常见命令
Topic
创建Topic
查看topic
$ ./kafka-topics.sh --zookeeper localhost: 2181/kafka --describe --topic topic-demo
Topic: test TopicId: Zi5yXIXcTZuLE_MkTyC-Wg PartitionCount: 4 ReplicationFactor: 3 Configs:
Topic: test Partition: 0 Leader: 2 Replicas: 2,0,1 Isr: 2,0,1
Topic: test Partition: 1 Leader: 0 Replicas: 0,1,2 Isr: 0,1,2
Topic: test Partition: 2 Leader: 1 Replicas: 1,2,0 Isr: 1,2,0
Topic: test Partition: 3 Leader: 2 Replicas: 2,1,0 Isr: 2,1,0
[–describe] 展示主题的更多具体信息
查看所有topic
./kafka-topics.sh --list --zookeeper localhost:2181
Producer
控制台生产者
./kafka-console-producer.sh --broker-list localhost:9092 --topic test-topic
Consumer
从最后一条消息的偏移量+1开始消费
./kafka-console-consumer.sh --bootstrap-server localhost:9092 --topic test-topic
[–from-beginning] 从头开始消费 [–consumer-property] group.id={id} 设置消费者组。同一个消费者组中的消费者,如果订阅了相同的topic,只能有一个消费者收到消息(单播消息)。不同消费者组的消费者只能有一个消费者收到消息(多播)

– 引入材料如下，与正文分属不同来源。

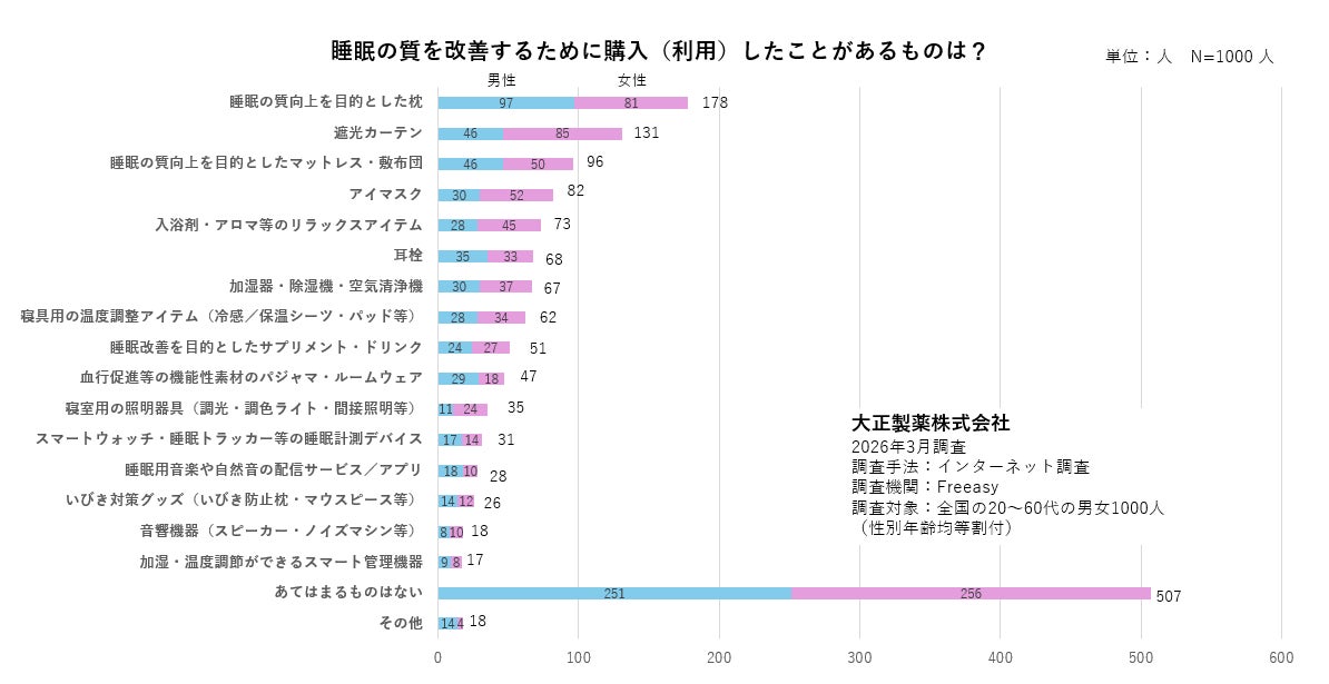 また、「睡眠の質を改善するために購入(利用)したことがあるもの」に関しては、1位が「睡眠の質向上を目的とした枕」(178人)、続いて「遮光カーテン」(131人)、「睡眠の質向上を目的としたマットレス・敷布団」(96人)、「アイマスク」(82人)、「入浴剤・アロマ等のリラックスアイテム」(73人)という結果です。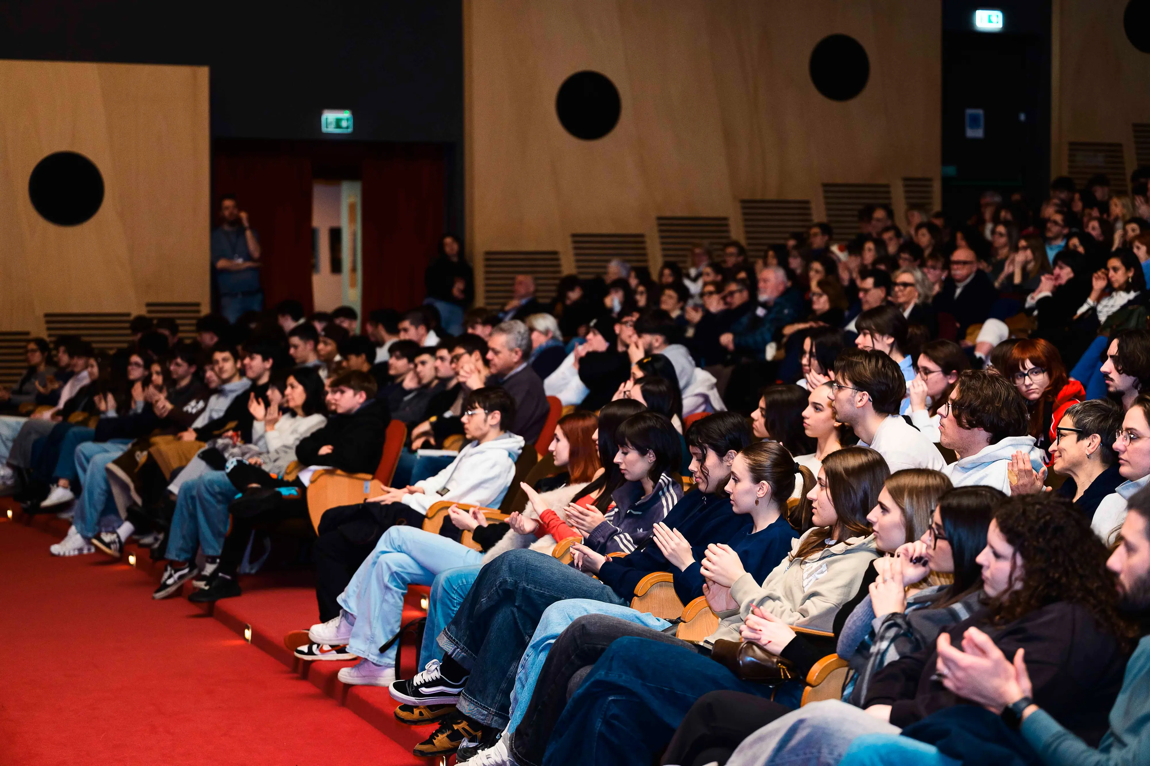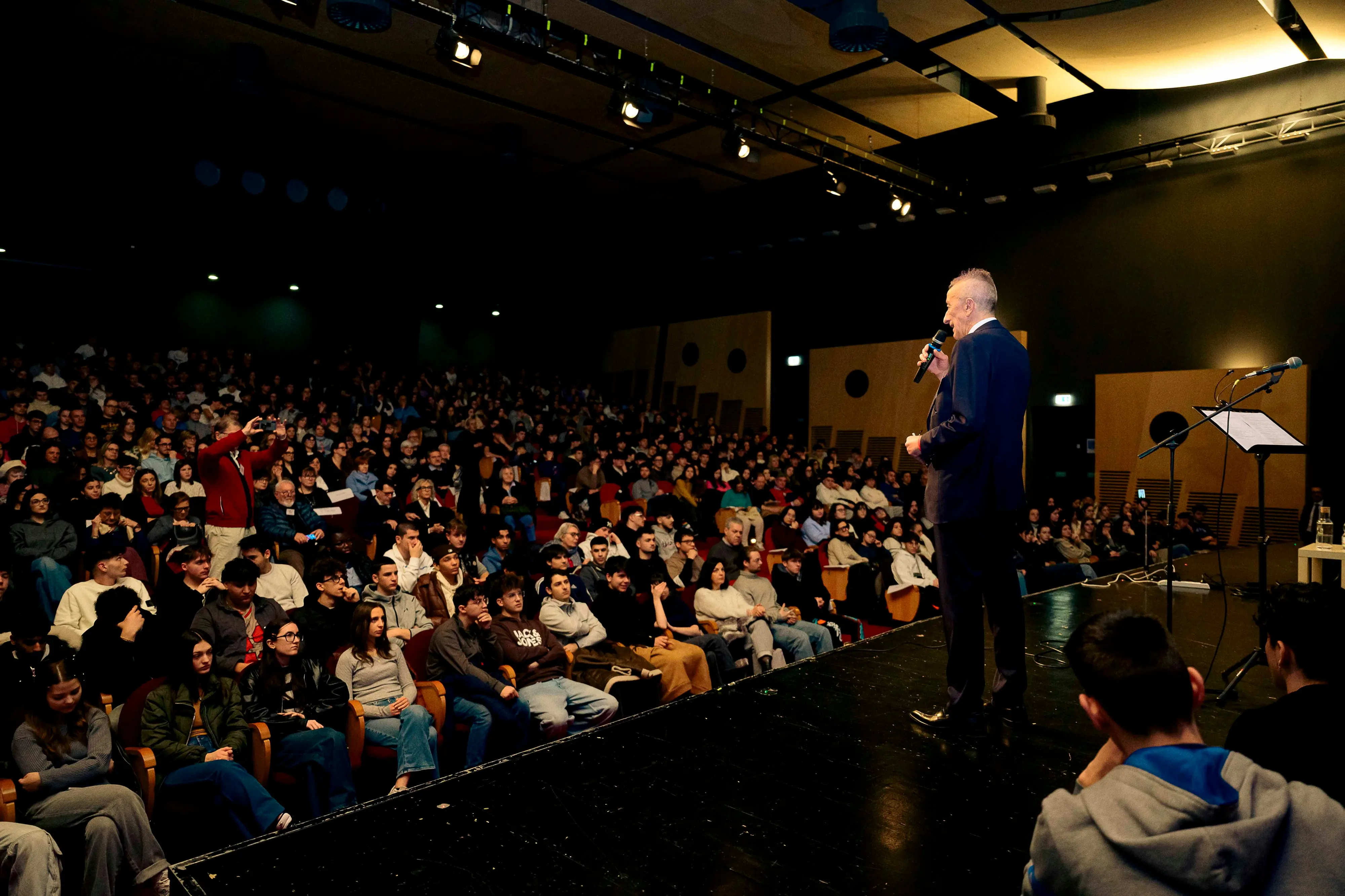 Erano in più di 500 gli studenti, molti dei quali seduti per terra e sul palco, tanto era forte il loro desiderio di esserci e di ascoltare quell’uomo d’acciaio che risponde al nome di Gino Cecchettin.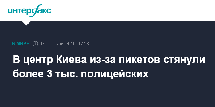 Москва. 16 февраля. INTERFAX.RU - Во время массовых мероприятий в центре Киева в усиленном режиме будут работать более 3 тысяч сотрудников органов внутренних дел, сообщает городская Национальная полиция Украины.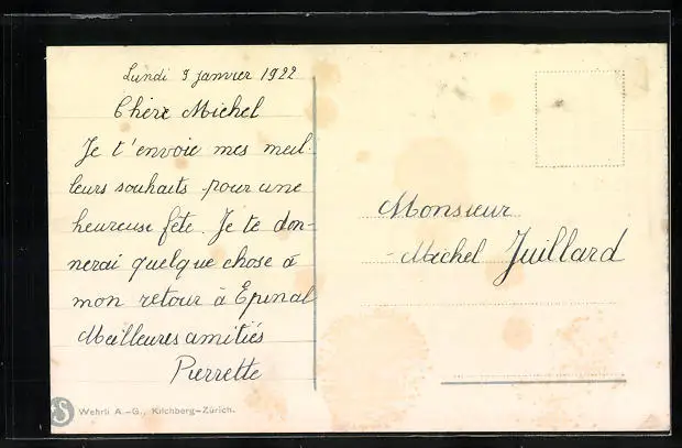 Personenbezogene Daten auf der Rückseite der Karte wurden durch blauen Textmarker unkenntlich gemacht. Die blauen Stellen sind auf die Vorderseite durchgeweicht und wirken sich negativ auf das Postkartenfoto aus

查看消费者组 ./kafka-consumer-groups.sh –bootstrap-server localhost:9092 –list 查看kafka中的消费者组
./kafka-consumer-groups.sh –bootstrap-server localhost:9092 –describe –group test-group 查看组的详细信息: GROUP TOPIC PARTITION CURRENT-OFFSET LOG-END-OFFSET LAG CONSUMER-ID HOST CLIENT-ID test-group test-topic 0 29 29 0 consumer-test-group-1-ed58cfd7-73ac-48c6-8f36-cbb58c833c96 /127.0.0.1 consumer-test-group-1
./kafka-topics.sh –describe –zookeeper localhost:2181 –topic my-topic 产看消息状态
Topic: my-topic TopicId: nlRdagkNQ3-2Rfr6FEP9sA PartitionCount: 2 ReplicationFactor: 3 Configs: Topic: my-topic Partition: 0 Leader: 0 Replicas: 2,1,0 Isr: 0,1,2 Topic: my-topic Partition: 1 Leader: 0 Replicas: 0,2,1 Isr: 0,1,2
同一topic 的不同分区Leader可能不同
| ps -aux | grep server1.properties |
./kafka-consumer-groups.sh –bootstrap-server iot-kafka-service:9092 –describe –all-groups 查看所有消息的消费状态
同步与异步
同步发送消息是,生产者会阻塞,直到broker发送ack消息,超时时间为3秒,重试次数为3次。ack是可以设置的,
- 0,发送给cluster后直接返回ack,不管broker有没有收到
- 1,Leader收到消息,并写入log文件
- -1/all,leader写入log文件,并且同步给其它follower,可以通过min.insync.replicas指定最少由多少个follower收到消息,默认为1,推荐为大于等于2,方便重新选举leader
每个生产者默认有个32m的缓冲区,消息首先被塞入缓冲区,生产者本地线程每次拉取16k的消息。如果缓冲区没有16k,10ms后自动拉取。
Polll
两次poll时间超过30s,Kafka会认为消费者消费能力不足,改消费者会被踢出消费组
消费方式
指定分区消费 从头消费 指定offset消费 指定时间消费 新的消费组启动后,默认从消费者启动后开始消费,也可指定从头开始消费,以后启动时从记录到的offset处开始消费。
Controller
当分区的Leader副本出现故障时,由controller负责选举新的分区副本。。broker在创建的时候会向zookeeper注册创建临时序号节点,谁最小谁就是controller。Topic中有个isr属性会对broker集群的状态做排序,选取排在Leader后面的broker作为新的Leader。
当isr发生变化、topic分区数增加时,由controller负责通知其他broker
When a new event is published to a topic, it is actually appended to one of the topic’s partitions.A common production setting is a replication factor of 3, i.e., there will always be three copies of your data. This replication is performed at the level of topic-partitions.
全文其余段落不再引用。